▶ _EXERCISE GOAL_
In the records below, find the line with "שמלת ג’ינס מסתובבת" and repeat exactly every line from it through the line with "Endlich geht es". Pictures stay out.

▶ _SOURCE INFORMATION_
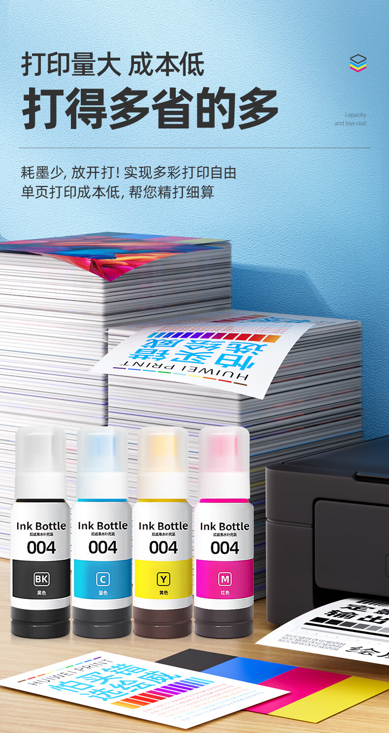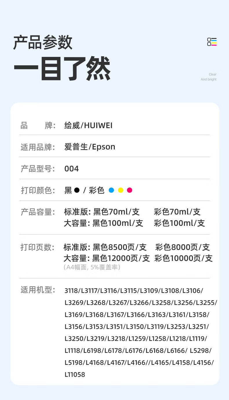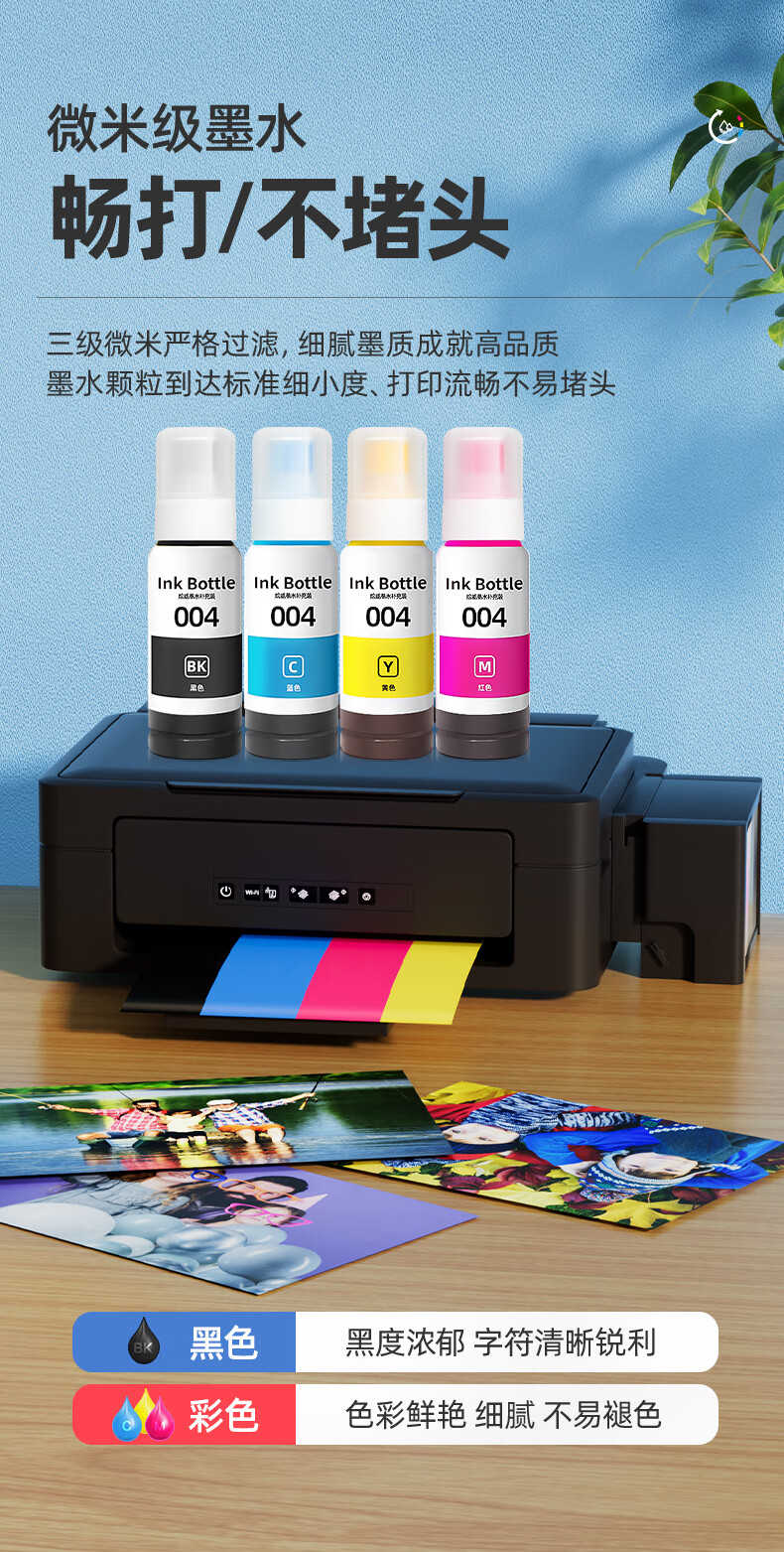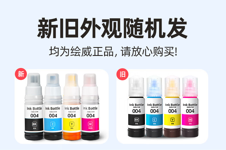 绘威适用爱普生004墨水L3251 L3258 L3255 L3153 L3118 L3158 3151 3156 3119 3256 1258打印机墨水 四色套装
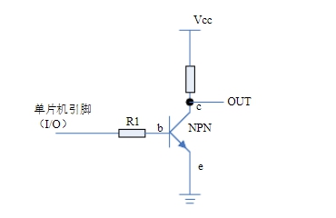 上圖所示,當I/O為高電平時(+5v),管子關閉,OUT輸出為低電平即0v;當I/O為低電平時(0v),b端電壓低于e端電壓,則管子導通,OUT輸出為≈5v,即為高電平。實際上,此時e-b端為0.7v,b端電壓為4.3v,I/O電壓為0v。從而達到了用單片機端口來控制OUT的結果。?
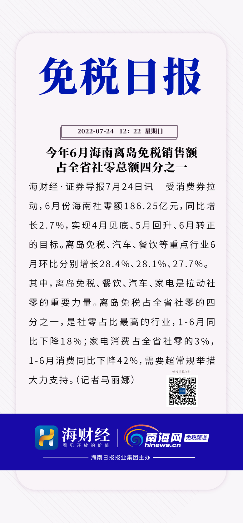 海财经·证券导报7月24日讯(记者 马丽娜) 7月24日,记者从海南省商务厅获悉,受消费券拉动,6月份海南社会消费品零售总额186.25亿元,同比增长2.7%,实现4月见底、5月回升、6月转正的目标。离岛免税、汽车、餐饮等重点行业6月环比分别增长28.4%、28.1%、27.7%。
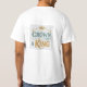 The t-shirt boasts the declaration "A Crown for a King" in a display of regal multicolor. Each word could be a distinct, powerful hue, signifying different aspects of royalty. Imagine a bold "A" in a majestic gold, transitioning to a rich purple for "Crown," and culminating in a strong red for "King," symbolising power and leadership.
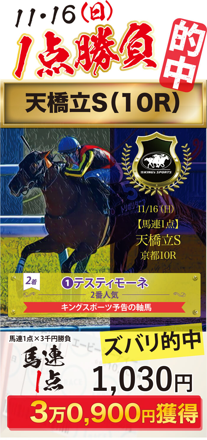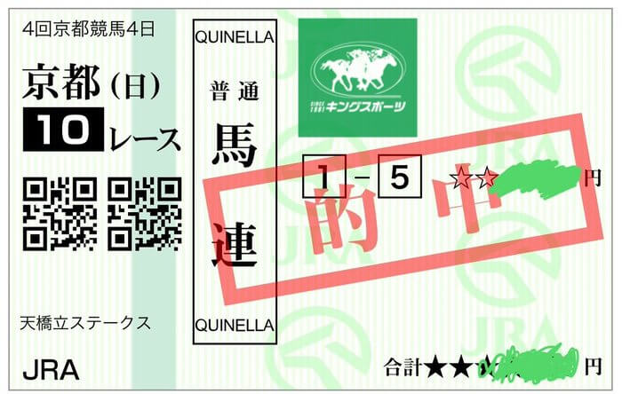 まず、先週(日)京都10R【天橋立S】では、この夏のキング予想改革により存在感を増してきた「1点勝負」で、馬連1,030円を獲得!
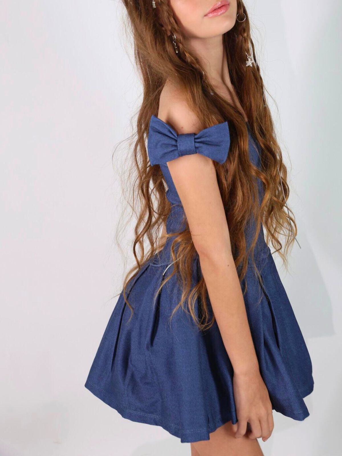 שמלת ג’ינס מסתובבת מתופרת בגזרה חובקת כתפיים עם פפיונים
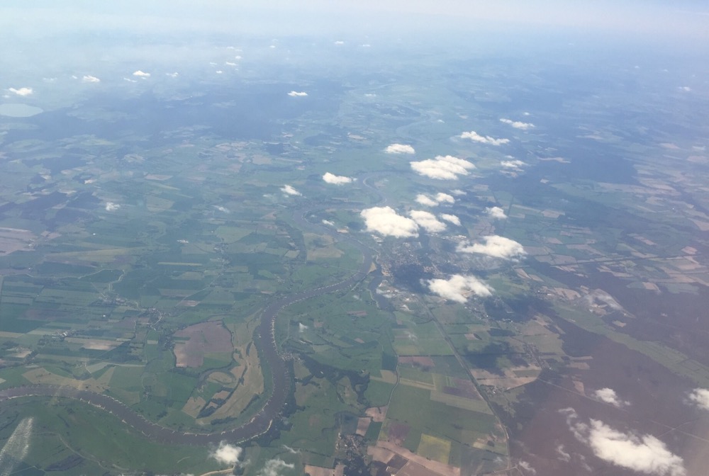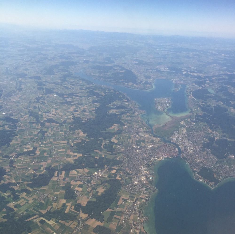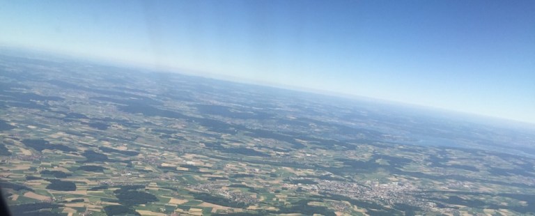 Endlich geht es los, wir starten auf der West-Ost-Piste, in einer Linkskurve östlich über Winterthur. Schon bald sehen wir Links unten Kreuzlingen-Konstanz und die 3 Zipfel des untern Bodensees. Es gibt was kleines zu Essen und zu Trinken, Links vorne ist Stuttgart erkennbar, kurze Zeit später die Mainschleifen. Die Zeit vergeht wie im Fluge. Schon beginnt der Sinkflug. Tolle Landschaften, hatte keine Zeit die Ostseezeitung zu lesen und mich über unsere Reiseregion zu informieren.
--
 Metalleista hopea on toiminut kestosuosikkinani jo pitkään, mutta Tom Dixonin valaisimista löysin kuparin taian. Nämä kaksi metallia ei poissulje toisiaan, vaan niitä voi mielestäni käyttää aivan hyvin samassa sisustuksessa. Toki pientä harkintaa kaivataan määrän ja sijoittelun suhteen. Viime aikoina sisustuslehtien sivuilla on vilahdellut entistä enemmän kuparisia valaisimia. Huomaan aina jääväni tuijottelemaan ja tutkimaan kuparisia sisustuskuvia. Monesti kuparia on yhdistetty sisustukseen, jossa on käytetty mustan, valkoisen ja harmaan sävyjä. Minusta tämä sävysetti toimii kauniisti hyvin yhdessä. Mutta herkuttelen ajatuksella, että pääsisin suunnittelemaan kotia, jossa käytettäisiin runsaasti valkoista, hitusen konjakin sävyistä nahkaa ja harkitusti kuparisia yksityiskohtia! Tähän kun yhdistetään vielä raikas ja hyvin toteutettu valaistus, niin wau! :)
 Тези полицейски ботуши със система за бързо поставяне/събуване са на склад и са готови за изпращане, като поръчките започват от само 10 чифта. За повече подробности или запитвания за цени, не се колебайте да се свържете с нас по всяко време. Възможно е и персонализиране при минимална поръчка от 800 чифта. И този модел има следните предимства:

▶ _RESPONSE AREA_
 שמלת ג’ינס מסתובבת מתופרת בגזרה חובקת כתפיים עם פפיונים
 Endlich geht es los, wir starten auf der West-Ost-Piste, in einer Linkskurve östlich über Winterthur. Schon bald sehen wir Links unten Kreuzlingen-Konstanz und die 3 Zipfel des untern Bodensees. Es gibt was kleines zu Essen und zu Trinken, Links vorne ist Stuttgart erkennbar, kurze Zeit später die Mainschleifen. Die Zeit vergeht wie im Fluge. Schon beginnt der Sinkflug. Tolle Landschaften, hatte keine Zeit die Ostseezeitung zu lesen und mich über unsere Reiseregion zu informieren.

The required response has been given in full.